When you are faced with a new and uncertain business opportunity, which of the following questions would you more likely ask,
“But what if we fail?” or
“But what if we succeed?”
Anecdotally, we have found more people in Singapore asking the first question than the second. That is a result of the fixed mindset.
Of fixed and growth mindsets
According to Prof Carol Dweck of Stanford University, there are two types of people, those with the fixed mindset, and those with the growth mindset. People with the fixed mindset do not like variability and they will not take risks if they don’t have information to mitigate those risks. In fact, they shun failure, because they have been brought up thinking that life is a test, and they must do well. If they are unsure of doing well, they will not take up the opportunity.

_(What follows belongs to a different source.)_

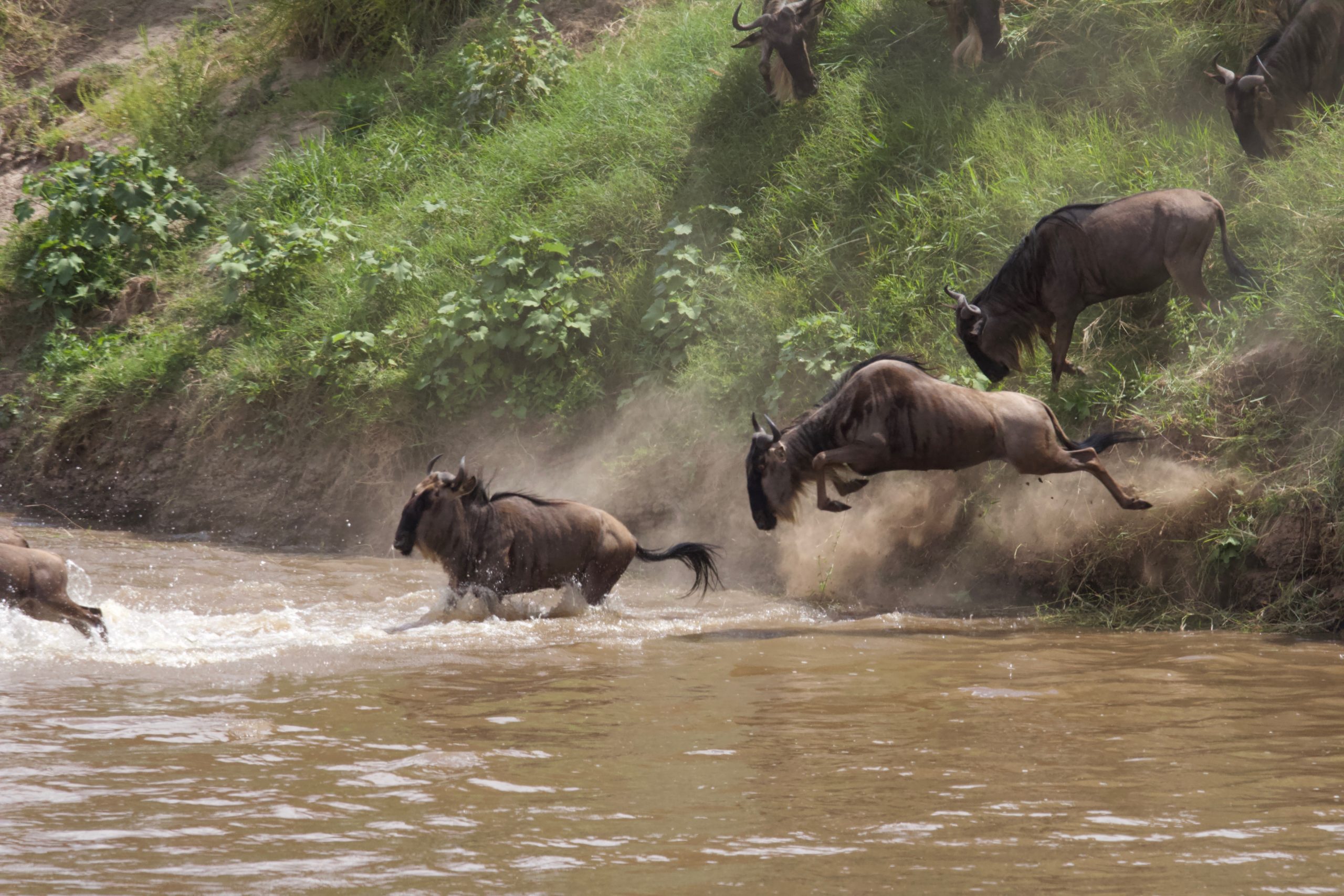 No words can describe the sense of exhilaration that comes upon you as you go from hopeful anticipation to the satisfaction of seeing the the first wildebeest take the plunge, followed by first a few, and then the rest of the herd behind it.

Those with the growth mindset are opposite; they are the ones who are comfortable with uncertainty, and they see that failure is the route to learning. They understand that all opportunities are fraught with risk, and hence they have to embrace it, planning to “fail fast and fail cheap”. The can operate on the edge of uncertainty, taking up seemingly reckless positions. Yet, the fact of the matter is that those who embrace the fixed mindset are more risky than those who adopt the growth mindset.
How is that so?
The growth mindset is less risky
Because they understand that it takes many tries to be successful, and the more they are unsuccessful, the more they learn, and the higher their chances of future success, growth mindset people take many small calculated risks as a means to achieve that success. They are not devastated if one idea leads to failure because several more are being tested. They realize that success is a numbers game, and the more opportunities they have out there, the better their batting average. And they succeed more often.
Fixed mindset people, by contrast, are afraid of failure, and they will not take risk until they have lined all their ducks in a row. They will analyse and use excel spreadsheets to test the outcome of their decision, often tweaking the probability scores in their favour. This usually restricts the number of projects that they undertake, and therefore, will only go for those that will yield the best results. Since they need good returns, they normally go for big projects, thereby increasing the cost of failure. Hence, they will never kill a project even if they have to, since that would conclude that they are failures, something they are designed to avoid. And so the project lingers, throwing more good money for bad.
The growth mindset is therefore less risky because it costs a lot less, and it is pulled quickly if it does not yield results.
How to embrace the growth mindset
It is not easy to embrace the growth mindset because many of us in Singapore are not used to failing. From the start of Primary One, all of us are taught that we must score 90 to 100 points for each of our subjects. If we didn’t know the answer, we should remain quiet. We don’t venture when we are unsure. These are all sure-fire techniques to build the fixed mindset. In order to move to the growth mindset, we must first be comfortable with losing, we must allow ourselves to be wrong, we must be able to fail and walk away feeling that we have learnt something, instead of having to justify, and lay blame to, why we made the mistake. The more one can embrace uncertainty, can embrace failure, can stake their reputation on being wrong, can the person develop the growth mindset.
Can we do it? Yes, with a lot of conscious effort.